Exposed (Madame X, #2)

“Comin’ up then. You’ll love it. Another staple food. I lived on P-B-and-J growing up. Still a go-to when I don’t know what else to have.”

He returns in a few minutes with four sandwiches, two for me, two for him. The first bite is . . . delectable. Crunchy peanuts, cool fruit jelly, soft white bread. I finish the first one in moments. I’m halfway through the second when it hits me.

The sun is bright. Blinding. Shining in my eyes as I sit at a table. I can feel the wood under my hands, rough, thick-grain wood, deep cracks and grooves, yet polished smooth by ages of wear. There is a groove under the index finger of my right hand, and I run my fingernail back and forth in it. I’ve done this a million times. Sat here, rubbing a fingernail in this groove, waiting. I smell . . . the sea. Brine. Ocean waves crash somewhere far away. A seagull caws, another answers.

Silhouetted by the sun is a woman, tall, willowy. Long black hair hanging loose down nearly to her waist. Her hips sway to music only she can hear as she stands at the counter, doing something. She is making a sandwich. Spreading grape jelly, thickly. Peanut butter, with lots of peanuts in it. Cuts it in half diagonally, sets it in front of me. On a white porcelain plate traced around the rim with delicate blue flowers.

She leans down, and the sun is blocked out by her body, allowing me to see her. I see her smile, spreading across her face like sunrise. Her eyes twinkle. “Coma, mi amor.” Her voice is music.

She touches her lips to my cheek, and I smell garlic and perfume.

“. . . Isabel? Isabel!” Logan’s voice filters through to my awareness.

“My . . . my mother used to make me these sandwiches. When I was a girl. I think. I just . . . I saw her. I was sitting at a table. It was by the ocean, I think. That’s all—that’s all I remember. But I could . . . feel it.”

Logan is at a loss for words, but I don’t need his words. He wraps an arm around me, tugs me close. “I’m here, baby.”

It’s all I need. There is nothing he can say, nothing to be said.

His heartbeat is a steady thump, a reassuring soft drumming under my ear. I have no idea what time it is, and I don’t care. The world is spinning, and I feel disconnected from it. As if I could fly away at any moment, cast loose by centrifugal force.

“At Caleb’s . . . I had a dream. A memory, I think. M’not sure. A car crash. But only maybe. All I knew was that I was hurt, and it was raining, and I was cold, and it was dark. So much pain . . . I was alone. But then he was there, but it felt like I’d seen him before. And it wasn’t a mugging. That’s what he always told me. A mugging gone wrong. But that’s not what happened. It’s not. He lied to me. But why? Why lie about that?”

“Because maybe the truth of what happened is something he doesn’t want you to know.”

That makes far too much sense. And it makes my heart hurt. What could Caleb be hiding? There are simply too many possibilities, and I’m too dizzy to sort through them all.

I still have half a sandwich in my hand. I set it aside. I feel a cold canine nose nudge my hand, and I open my eyes to see a pair of Cocoas, blurred and overlapping, staring up at me hopefully. I barely manage to knock the remnant of my sandwich—just a small corner—on the floor at her feet.

She doesn’t pounce on it, though, but rather looks at Logan pleadingly. “You’re not supposed to have people food, but I guess it’s okay this once.” He scratches her affectionately behind her ear. “Go ahead, girl.”

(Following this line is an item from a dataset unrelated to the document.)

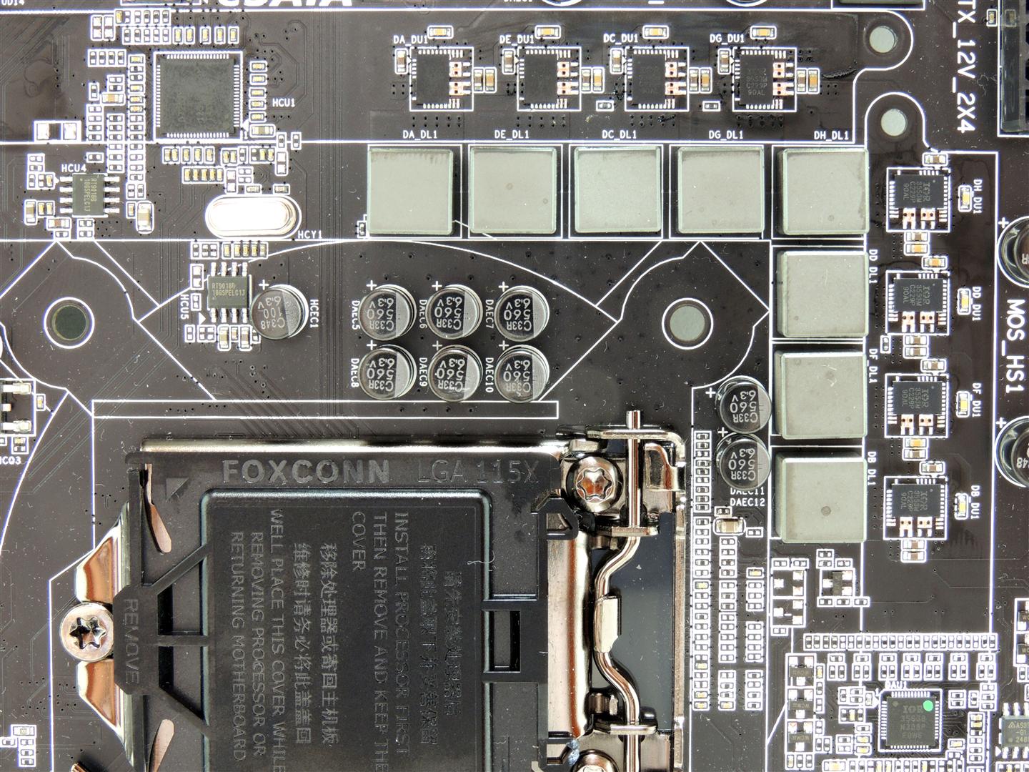 Nella zona socket distinguiamo il socket LGA1150, le 8 fasi di alimentazione ed i 2 dissipatori di calore privati dell’Heatpipe dove è rimasta l’impronta vuota. Ricordiamo che i PIN del socket LGA 1150 sono interamente placcati in oro in modo da evitare qualsiasi problema di isolamenti del pin con la CPU. Rispetto ai precedenti modelli di fascia media con chipset Z77, il dissipatore è di lunghezza maggiore: sebbene termicamente superfluo è sicuramente più gradevole alla vista rispetto ai precedenti dissipatori dimezzati.

Cocoa devours it in one bite, licks her lips, and then returns to her place on the rug near the doorway between the living room and the hallway. Her tail taps the floor rhythmically—thump, thump, thump, thump.

“I like Cocoa. She’s a good doggy.”

A laugh from Logan. “I know. She’s my girl.”

“I thought I was your girl,” I say, sounding a bit too petulant for even my own taste.

“Are you for real jealous of my dog right now, Isabel?” Logan asks, a laugh in his voice.

“No. Shut up.” I can’t hide the smile in my voice or on my face. Don’t try.

The silence between us then is easy. I am content to let the world spin around me and beneath me, to lie against Logan and listen to his heart beating under my ear, and not think about Caleb or the lies or the mysteries or myself or anything.

“I have a confession to make,” Logan says.

I wobble my head on his chest, a gesture meant to be a negative, but which ends up being more of a sloppy flopping of my head. “I can’t handle anything serious right now.”

“Nothing like that. It’s just that I had an ulterior motive behind getting you drunk.”

I twist and gaze up at him, but I have to shut one eye so there’s only one of him. “Oh really? And what would that be?”

“So I’d be less tempted by you. I won’t take advantage of you when you’re wasted, especially not when you’re as vulnerable as you are right now.”

“That isn’t what I expected you to say.”